PSJA fielded its first competitive water polo team in 2014 and has experienced a boon in success and popularity in recent years. It’s emblematic of the recent surge in growth for the sport throughout the Rio Grande Valley.

Teams have sprung up in Harlingen and McAllen. Mission added a program three years ago, and Los Fresnos started a team this summer after failing to gin up enough participation to field a full team a year ago.

Popularity soared in Los Fresnos following the visit of a special guest.

“Last year we had water polo gold medalist Brenda Villa. She came down to do a presentation with our kids,” said Jaime Perez, the aquatics director for Los Fresnos CISD. “We saw some highlights from her Olympic tournaments and she brought a few of her medals. … So that got the interest of the kids.”

More than anything, Landero believes, the sport has proven to be a communal, unifying force. It’s brought together coaches, parents and athletes from communities across the Valley.

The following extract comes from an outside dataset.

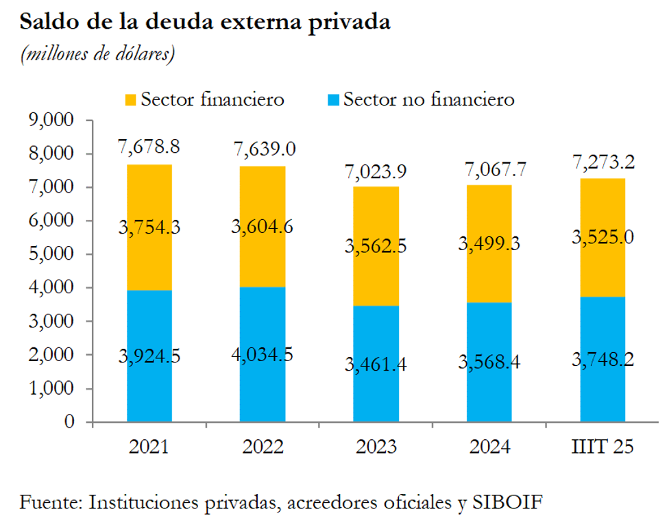 Al tercer trimestre de 2025, la deuda externa privada se ubicó en 7,273.2 millones de dólares, reflejando un aumento de 41.2 millones de dólares (+0.6%) con respecto al trimestre previo (US$7,232.0 millones).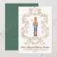 Tarjeta de Navidad del Ballet El Cascanueces con cresta dorada y dorso verde brillante.

“I think this sport can be something that can help us transcend that sort of mentality that we shouldn’t work together,” Landero said. “If we do work together and we can prove that together we can go out and be competitive, then maybe that will translate into other sports as well and we can break that glass ceiling that we’ve been hitting so far.

“For example, swimming: you have USA groups where you have surrounding cities that come together with kids from different districts, so you’re practicing with the best that we’ve got down here,” Colunga said. “That’s something you find in club swimming; you don’t find that when you isolate yourself.”

The next daunting hurdle for the sport will be becoming a certified as a sanctioned UIL sport, so it can become officially competitive on a state-wide level.

“Getting school districts to support the sport, whether it be an independent sport or be supported as an offseason sport, it’s going to be essential for administrations to give support to their coaches. For instance, right now UIL is going to send a survey to all the superintendents throughout the state of Texas to see whether they would support it,” Landero said. “I think if they get over 50%, then we have a very favorable chance. The last time they sent it out it was at 47%. We’ve also gotten the TISCA (Texas Interscholastic Swimming Coaches Association) behind it, which is pretty new.”

At the time of publication, the UIL offices in Austin had not yet responded to The Monitor’s request for comment.